How AT&T, Verizon and the Telecom Giants Have Captured the Regulator Supposed to Control Them

Our telecom industry’s overseer doesn’t seem to have any control to stop the greed. That’s because it’s a puppet of the industry giants.

David Rosen and Bruce Kushnick
AlterNet

In a recent AlterNet article, we detailed how the Federal Communications Commission (FCC) helped increase the “FCC Line Charge” (SLC), now capped at $6.50 per line, that is imposed on every residential and business phone line. It is a charge that is usually hidden among the “taxes and surcharges” section of the phone bill. It does not go to fund the FCC, but is a direct subsidy to phone companies.

However, the full story of the role AT&T, Verizon and others played in the FCC’s deliberations establishing the SLC has yet to be told. It is a model of what is known as “regulatory capture,” the process by which a federal or state regulatory or other government agency becomes too cozy with those it is charged to oversee.

In 2000, the phone companies created a campaign known as CALLS (Coalition for Affordable Local and Long Distance Service) to raise fees. It is the model of how these companies, their astroturf shills, co-opted consumer groups, corporate-funded research firms, federal bureaucrats and politicians worked together to effectively take control of the FCC’s agenda and create a massive marketing campaign to fool the public.

A report on the program was issued on September 19, 2000, and mysteriously disappeared from the FCC Web site. It has surfaced and details how the campaign was implemented. It also offers insight into the mystery of regulatory capture that shadows the FCC. A copy of the suppressed report can be found at

Efforts at regulatory capture pioneered by the CALLS program live on. The FCC’s December 21 order on Internet access illustrates how its policies bend to corporate interests. Tim Wu, a Columbia University law professor and the person who coined the term “net neutrality,” reported on how, in a conversation with FCC chairman Julius Genachowski, the chairman insisted the order could only be accepted if AT&T’s interests were met. (And the only commissioners who voted for it were the Democrats.)

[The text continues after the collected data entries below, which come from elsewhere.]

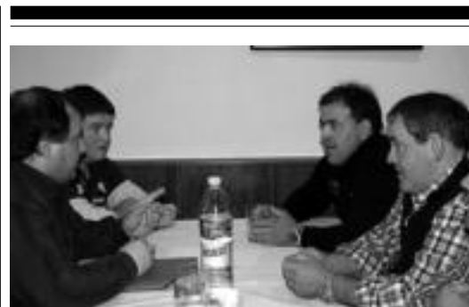
Izeta II.a eta Irigoien, atzo Kantabrikean.

Bere lagunen esanetan, Tolosako kolore urdina alde guztietan defendatu zuen. 20 urteko ibilbide luzea eta oparoa egin zuen atletismoan. Azken lasterketa 42 urte zituela korritu zuen. Baina nabarmenentzako dena da, bere garai-penak ia ustekabean etorri zirela, berezko dohainei esker.
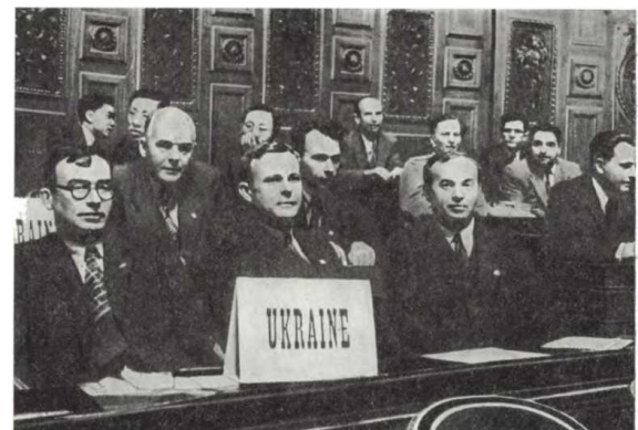
Учасники делегації УРСР на міжнародній конференції в Парижі.
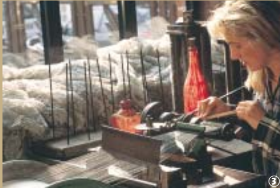
3 Caudry - Musée de la Dentelle

Au 19 e siècle, la fabrication de la dentelle s'est mécanisée, tout en gardant la finesse du travail fait main. Le musée de Caudry témoigne de ces fastes d'antan retraçant l'histoire de l'industrie dentellière dans un site qui a su garder l'atmosphère d'un véritable atelier du 19 e siècle en fonctionnement. La ville produit, sous le label « Dentelle de Calais », une dentelle de qualité, utilisée en Haute
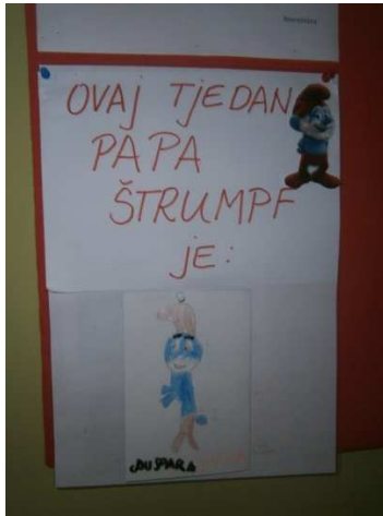
Slika 5. Podjela uloga u skupini
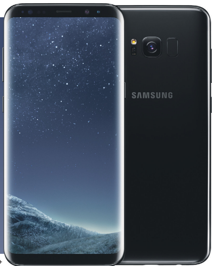
Galaxy S8 | S8+

Новости, банковские операции, общение – все это перешло в мобильные устройства. Новинки от Samsung, связанные в единую экосистему, удовлетворяют все потребности современного человека.
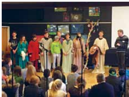
Fra konfirmandlejren på Christianslyst.

Der deltog 100 konfirmander og 25 instruktører på dette års lejr. Tema var "livsglæde".
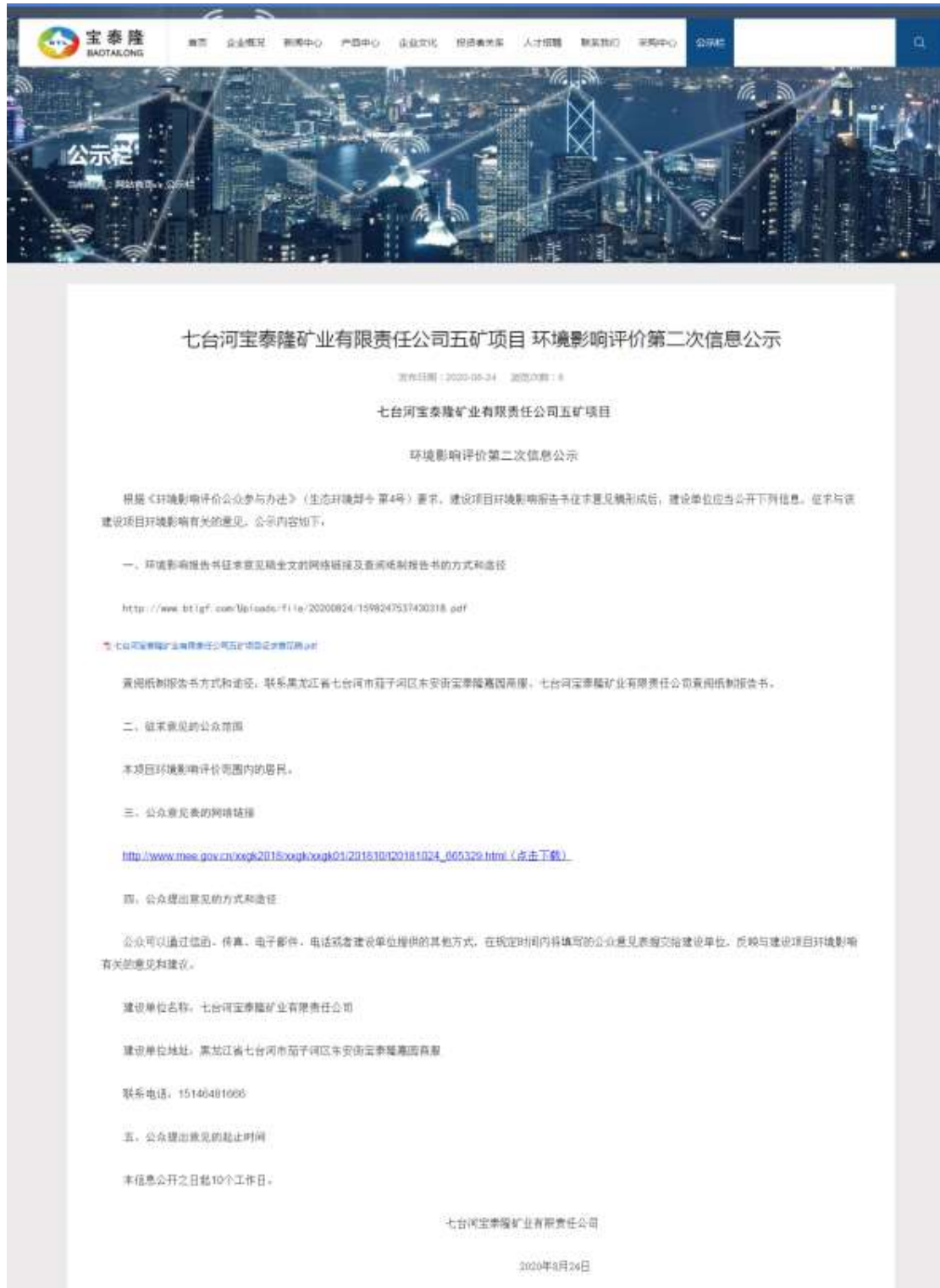
图 3.1 环评公参征求意见稿网站公示截图
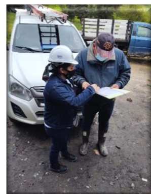
Visitas Provincia Centro de Boyacá

El grupo de Gestión Comunitaria del PERPE, continúa brindando apoyo a nuestros usuarios, realizando orientación con respecto a los requisitos para llevar a cabo su proceso de matrícula con la empresa. Por medio de las visitas realizadas esta semana en los municipios de Turmequé, Tunja, Sáchica y Chiquinquirá, se lograron verificar los documentos gestionados y su tiempo de vigencia con el propósito de evitar demoras en los procesos.
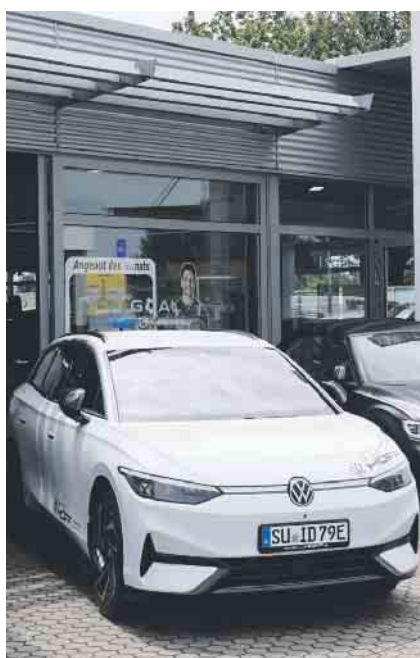
Das VW-Sondermodell GOAL

Capture is not limited to the FCC. The Department of Interior’s former agency, Minerals Management Service (MMS), served oil and gas industry interests. Exposed in a series of financial and sex scandals, MMS also resisted Congressional officials efforts to investigate safety concerns relating to a second BP platform and other installations setting the stage for the great Gulf oil spill of 2010.

And capture influences American foreign policy as well. A recent WikiLeaks revelation documents how former United States ambassador to France, Craig Stapleton, proposed to “retaliate” against France and the European Union (EU) because of their opposition to Monsanto’s genetically modified seeds.

Today, regulatory capture is business as usual.